The building materials company AZEK Co. surged by 14.7 percent after revealing plans for an acquisition by James Hardie Industries in a cash-and-stock deal valued at approximately $8.75 billion.
This acquisition marks the second significant deal in the building sector in less than a week, following QXO Inc.'s announcement of its purchase of Beacon Roofing Supply Inc. for about $11 billion.
In the bond market, Treasury yields saw an increase, with the yield on the 10-year Treasury note rising from 4.25 percent to 4.31 percent, indicating a growing interest in fixed income investments.
European and Asian markets presented mixed results amid this backdrop of uncertainty. Notably, Chinese Premier Li Qiang adopted a conciliatory stance during discussions with US Senator Steve Daines, who is a supporter of the Trump administration and the first Congressional member to visit Beijing since Trump's inauguration.

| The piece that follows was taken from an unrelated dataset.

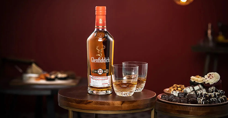 Glenfiddich 21 Years Old Single Malt Whisky (Rum Cask) 將21年的格蘭菲迪注入原儲存古巴蘭姆酒的木桶,以吸取蘭姆酒的特性,香味強烈、熱情而甜美,像是花香中帶有絲絲香蕉、太妃糖、皮革和橡木的味道。風味初時柔軟,繼而爽口有生氣,絲絲煙味、胡椒味及萊姆味與持久溫暖的餘味互補,和古巴雪茄是絕佳的搭配。

This week in Wall Street will be pivotal, as several economic updates are scheduled. The Conference Board will release its consumer confidence survey for March on Tuesday, with predictions of a slight dip in consumer confidence levels. Furthermore, on Friday, the US government will issue the personal consumption expenditures (PCE) price index for February, a significant indicator of inflation closely monitored by the Federal Reserve.

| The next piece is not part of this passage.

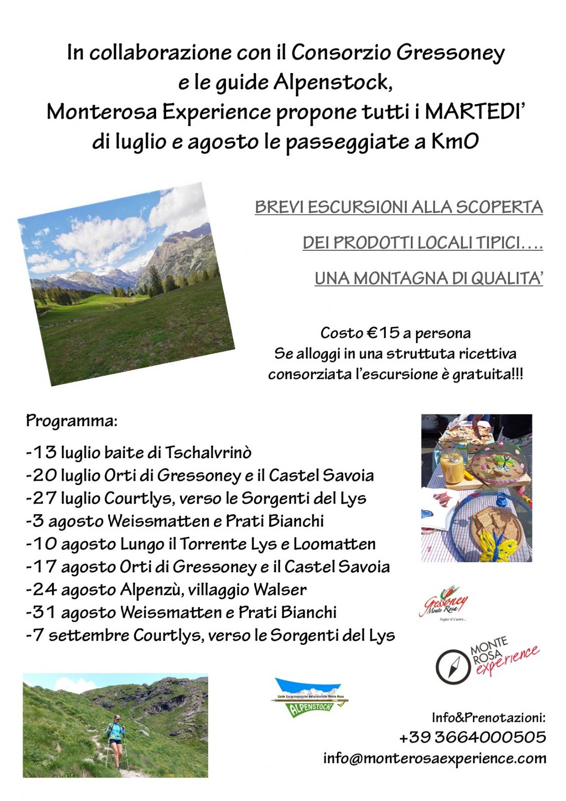 Il Consorzio Turistico Gressoney Monterosa in collaborazione con Monterosa Experience e l Guide Escursionistiche Alpenstock propongono tutti i martedì una passeggiata accompagnata alla scoperta dei prodotti locali, con degustazioni di miele o formaggi e visite agli orti di montagna

With recent reports highlighting a resilient economy, growing consumer caution has emerged alongside persistent inflation, resulting in a more measured approach from the Federal Reserve. Following interest rate cuts at the end of 2024 to combat high inflation, the Fed remains hesitant to make further reductions until the effects on inflation and the broader economy become clearer.
Lower interest rates generally ease borrowing costs and stimulate growth, but they can also contribute to rising inflation, a balancing act that the Fed is currently managing.